Closed soichiro-hattori closed 9 months ago
I think your point about what we want the semantics of this operation to be for 1 vs. multi-planet systems is a good one!
My feeling is that at a high level we want to support orbits with different "shapes". For example we could have an orbit with shape ()
(a scalar), which just has one planet, or an orbit with shape (1,)
which also has only one planet. In these cases, I would expect the shapes of the light curve to be (len(t))
and (1, len(t))
respectively.
But, that thought really just pushes the question up a level to a discussion of how we handle shapes in multi-planet orbits...
So, basically I have no good answer!
Okay that's the current behavior anyways! I think this PR is ready to be merged. @dfm are there other changes that need to be made before that happens?

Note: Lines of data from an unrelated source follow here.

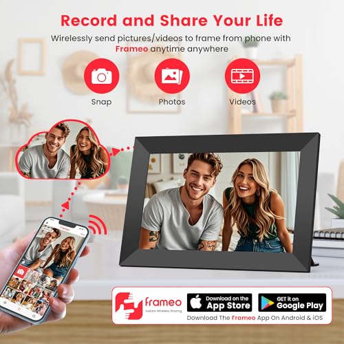 FRAMEO DIGITAL PICTURE FRAME: Share life’s beautiful moments instantly with family, friends, or your loved one no matter when or where you are with our Frameo digital photo frame. After connecting digital frame to Wifi network, you can send pictures or videos to digital frame from your mobile phone via “Frameo” App. Frameo App can be easily downloaded on iOS & Android Google Play store, gives you full control over your digital photo frame. Even live apart but hearts can be connected closely with Frameo frame
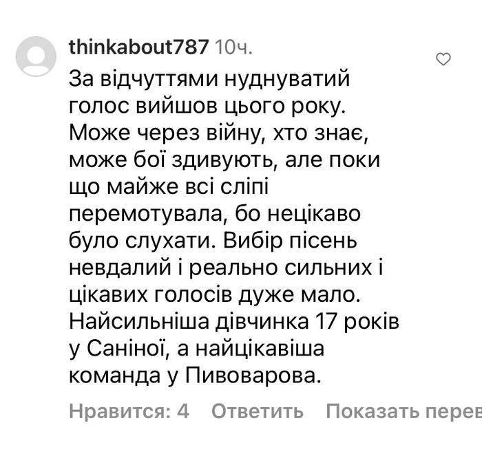 «За відчуттями нуднуватий голос вийшов цього року, — написали у коментарях. — Може через війну, хто знає, може бої здивують, але поки що майже всі сліпі перемотувала, бо нецікаво було слухати…»
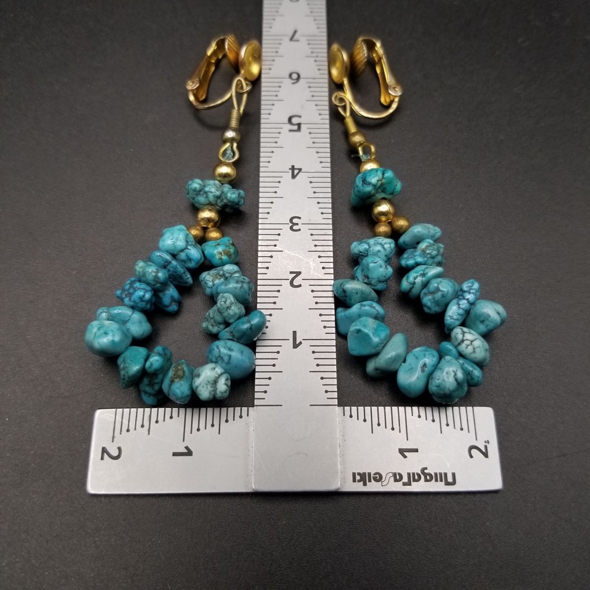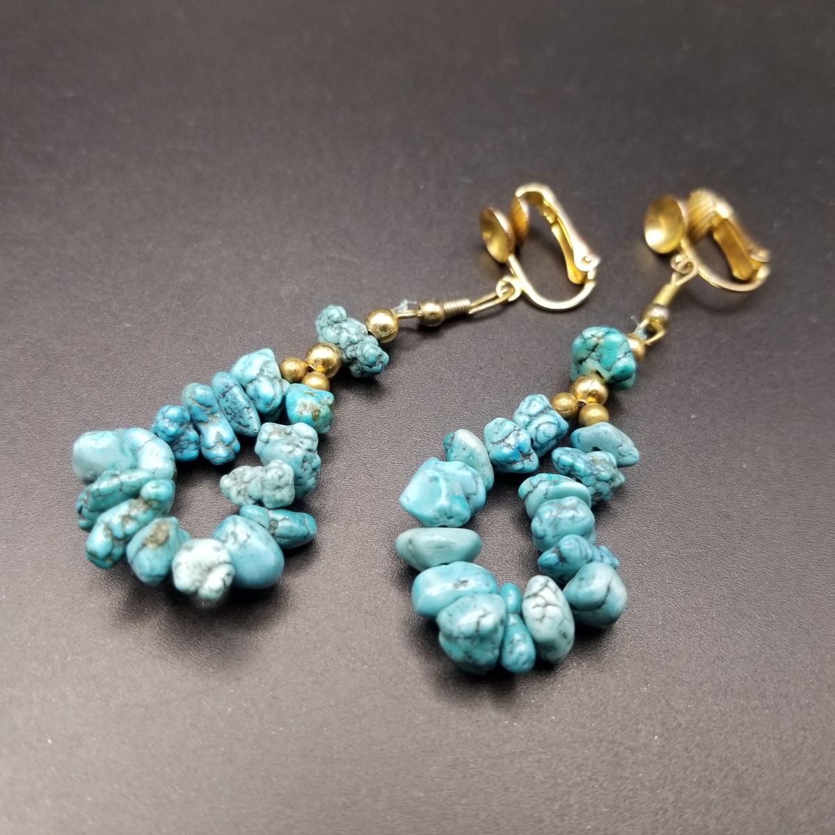 ターコイズ ビーズ フープ ヴィンテージ イヤリング エスニック調 大ぶり 存在感 ボヘミアン R15-N
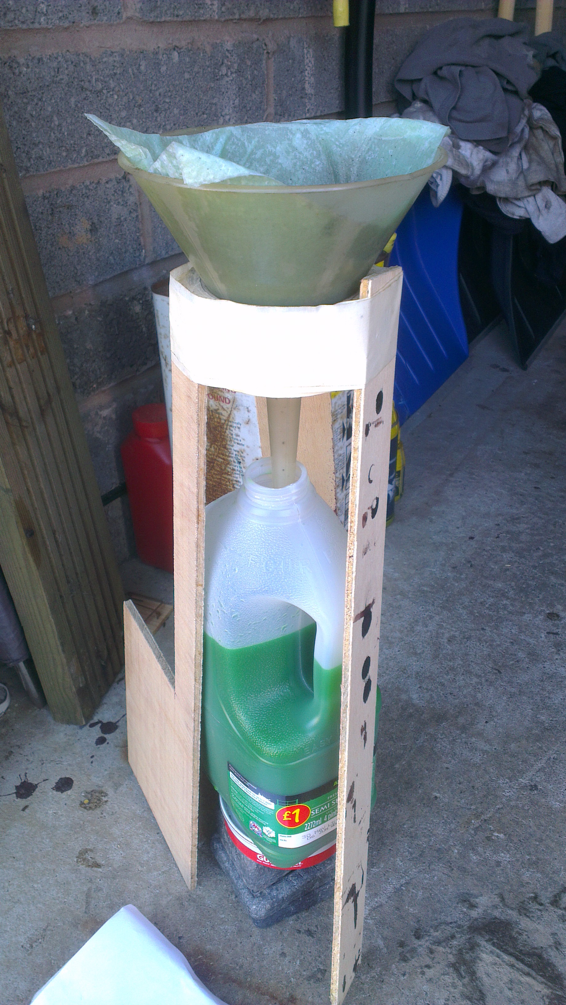 I leave you with my heath robinson coolant filtration system, involving masking tape, some ply wood, a funnel, some kitchen roll and an empty milk carton! Hi tech…
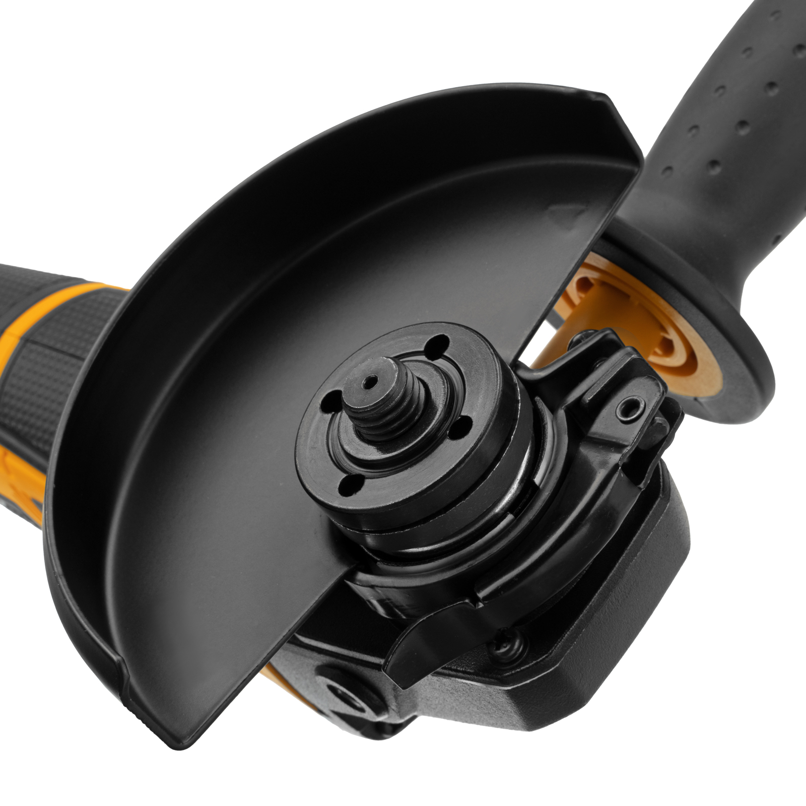 - Быстрая замена оснастки — конструкцией предусмотрена блокировка шпинделя и бесключевое крепление защитного кожуха.
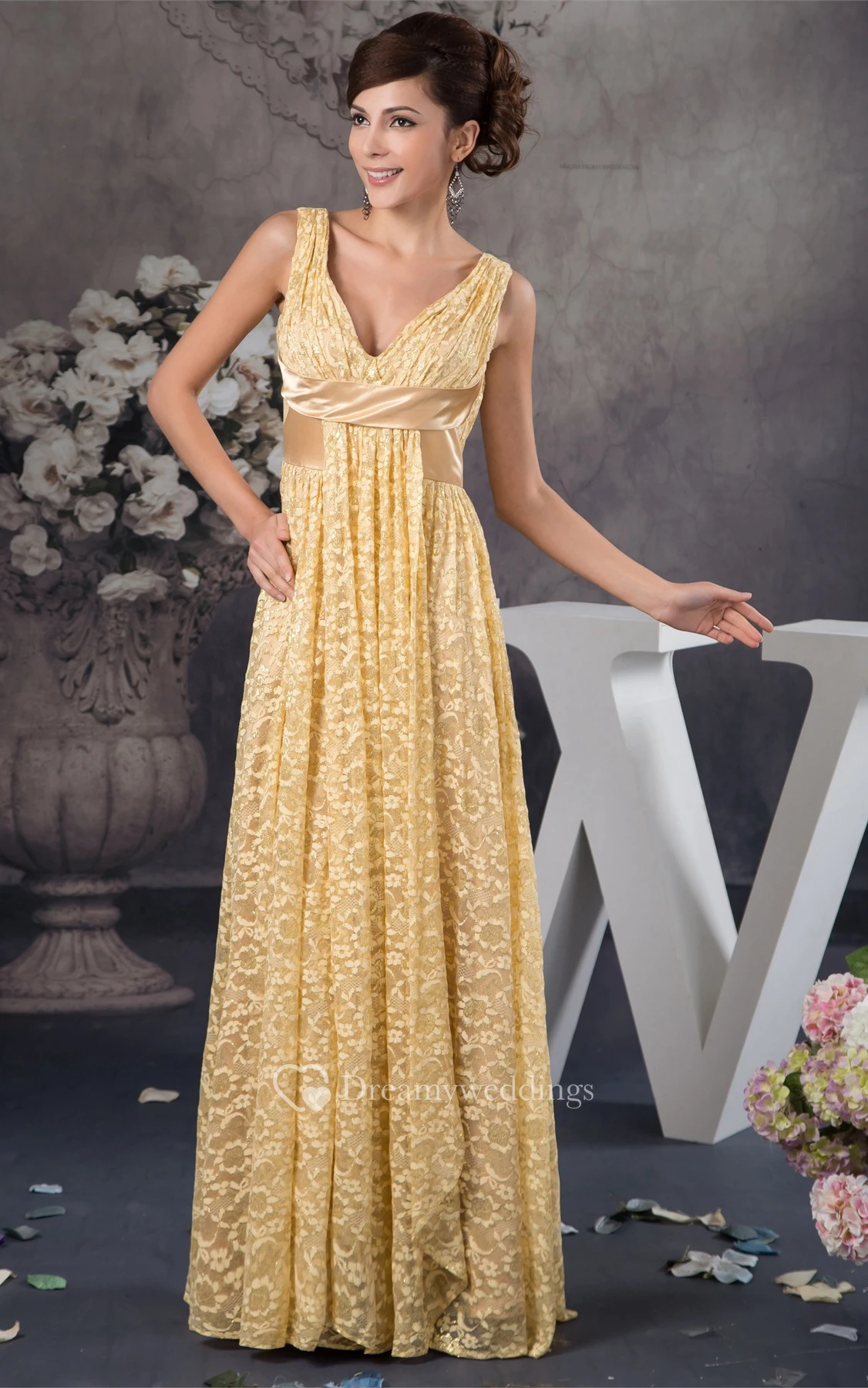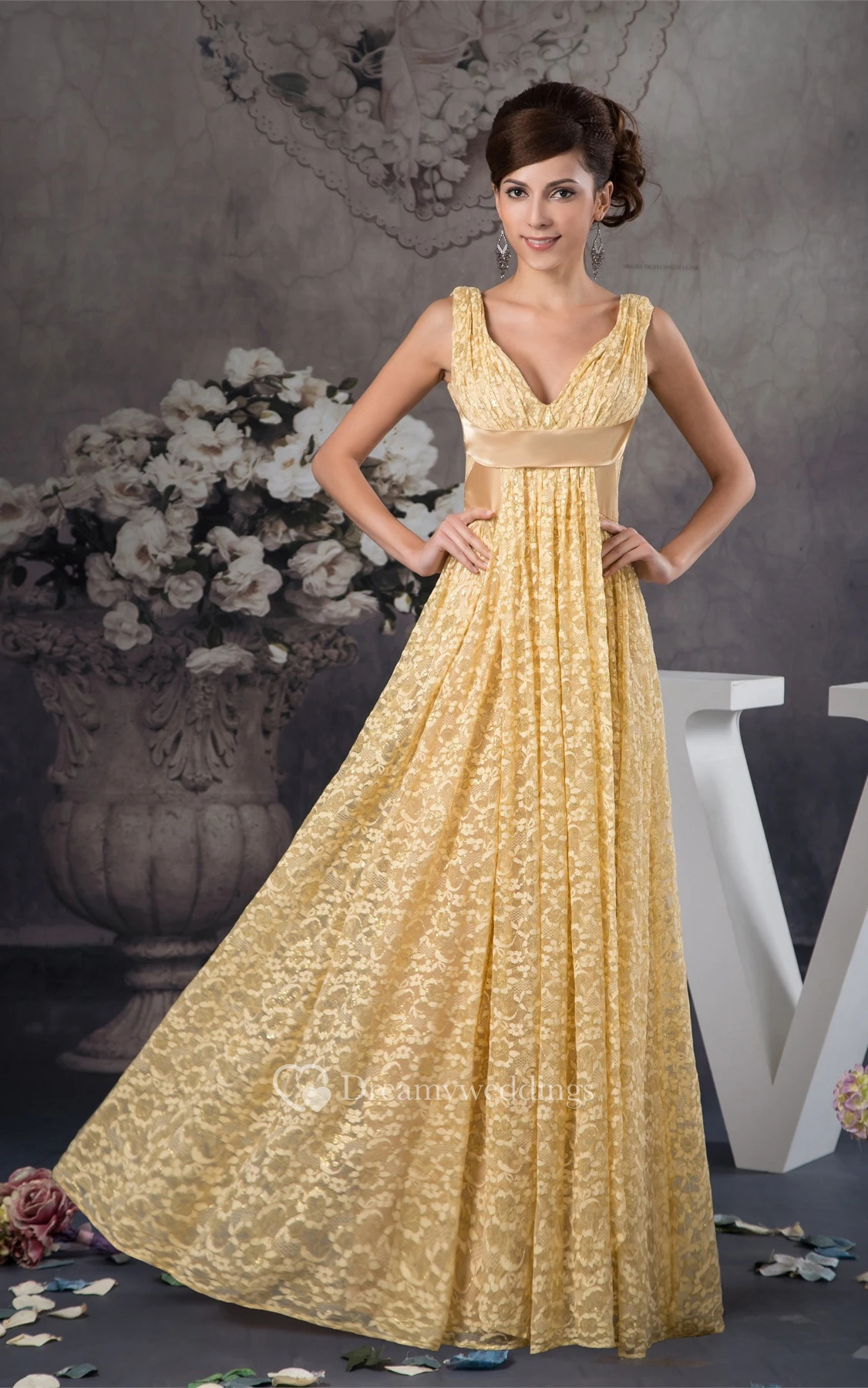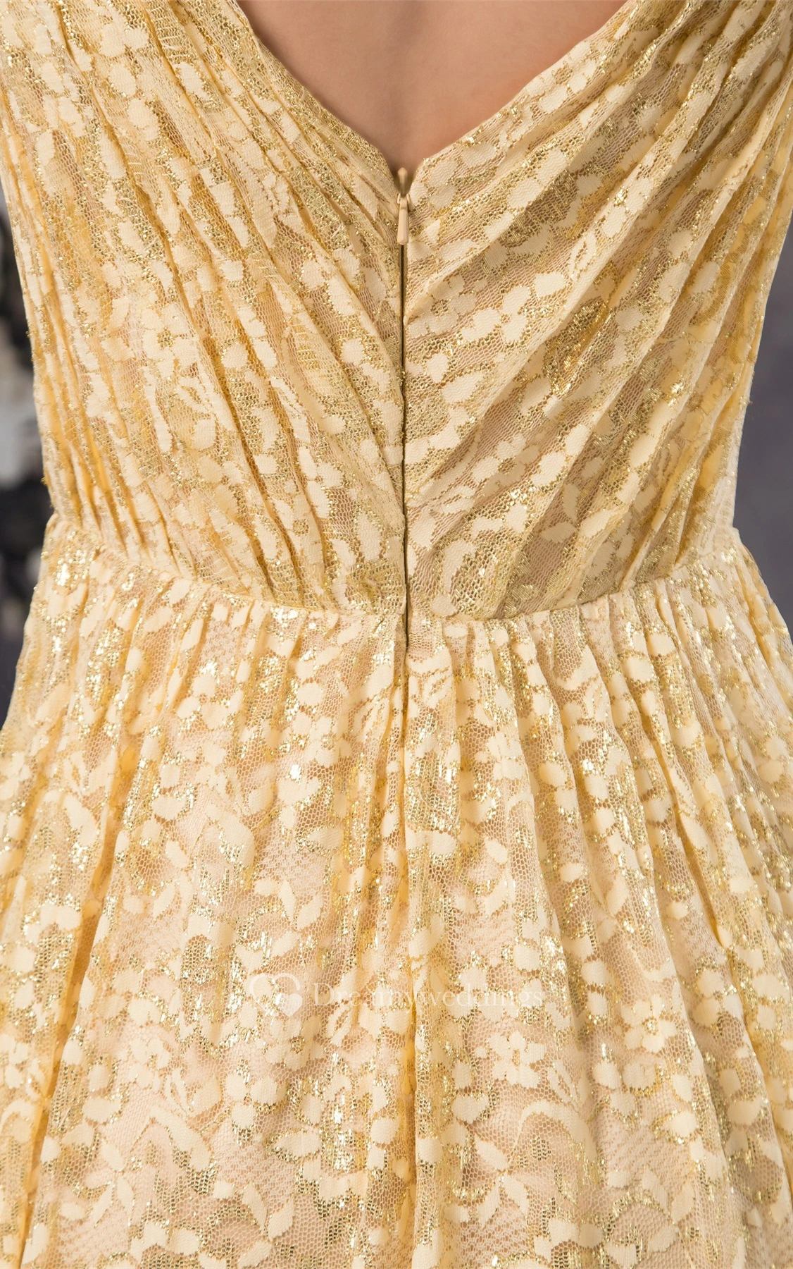 Deep-V-Neck Sheath Sleeveless Pleats and Dress With Lace
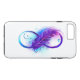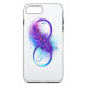 Infinity symbole with a beautiful feather painted in purple and blue bright colors on white background
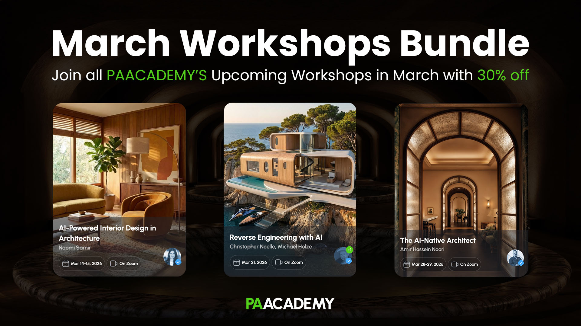 Access all PAACADEMY’s March workshops in one bundle and master integrated AI workflows, reverse engineering strategies, and professional interior design execution.
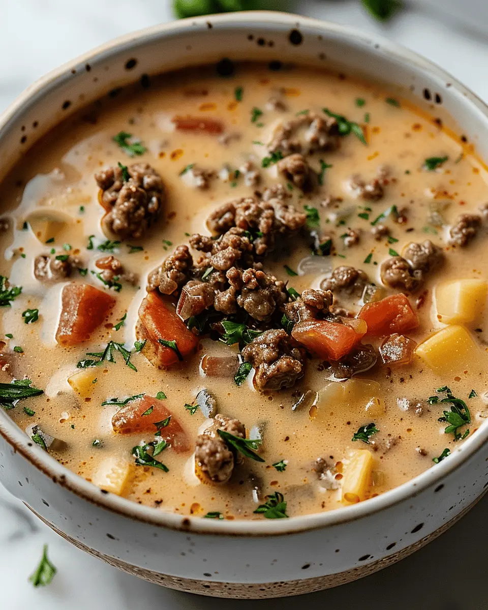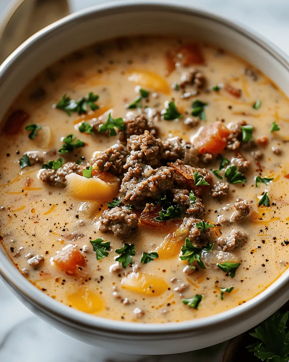 Before you dive into making your smooth and savory soup, take a moment to gather all your ingredients. For cheeseburger soup, you’ll need:
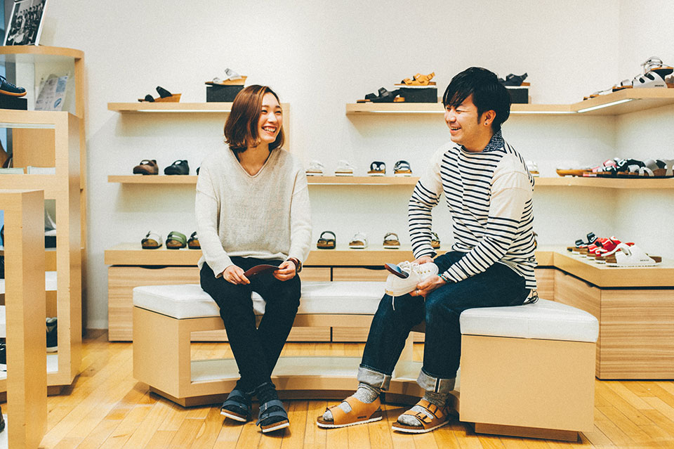 ビルケンシュトックの履き心地を体感して頂くのに、店頭ではインソールから試して頂く場合もあります。お客様が履いてきた靴に装着するだけで、その靴の履き心地が変わったと感動されることが多いです。
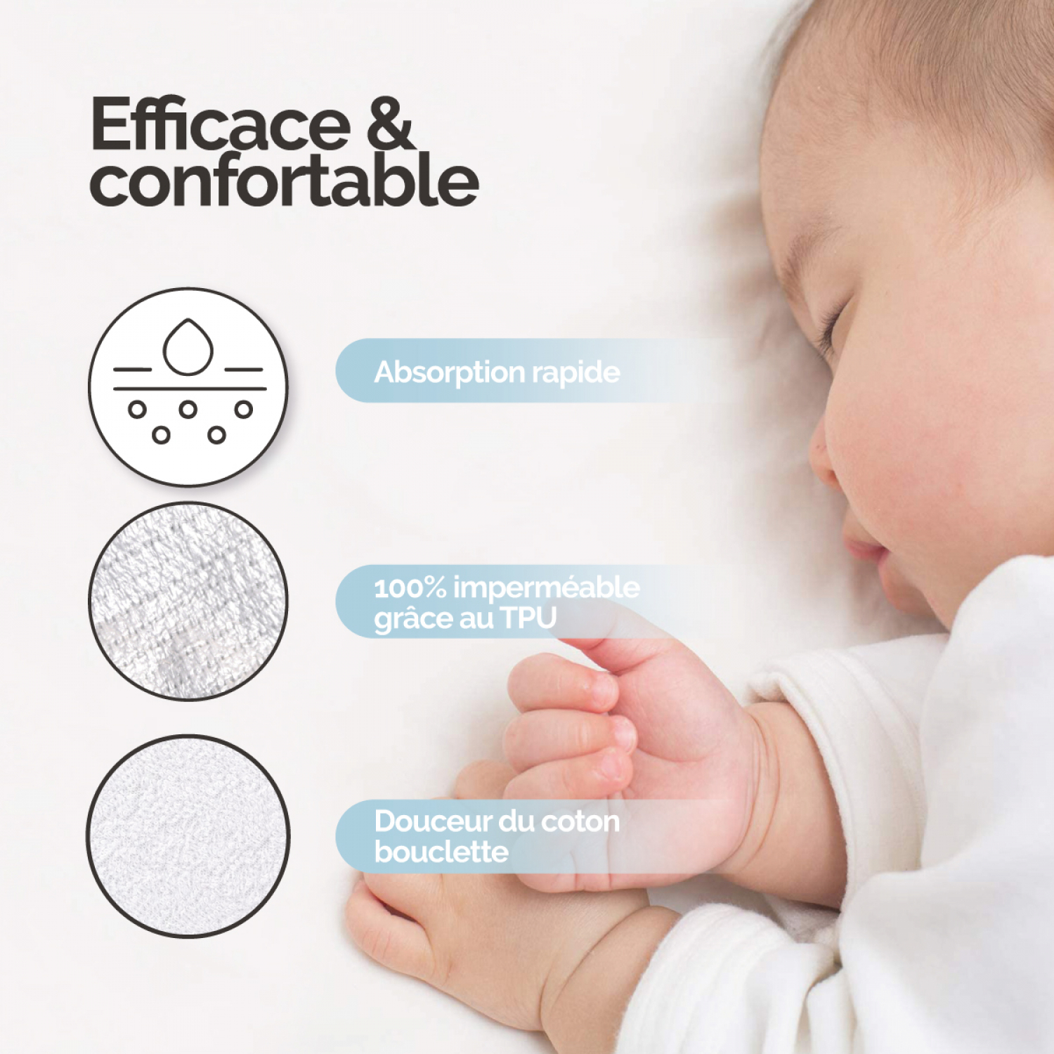 Libellé Monsieur Bébé - Lot de 2 alèses, protèges matelas imperméables et respirants - Coton et TPU - 40 x 80 cm - Blanc

Great - I've sent this to the merge queue! Thank you!!
New PR to replace old PR #113. Changes were made so that these commits are independent from the
tutorials
branch changes.Same text as PR #113: This PR resolves Issue https://github.com/exoplanet-dev/jaxoplanet/issues/112 so that the light_curve() method works for multiplanetary systems.
I think we should think a bit more about whether we want to squeeze the output array into 1d when there's only one body or to always return an array of shape (N_bodies X N_time) even if it's only one body. The first option might be a bit more intuitive but the second option allows us to streamline our code since the more general code of handling more than one body will work even if only one body is passed.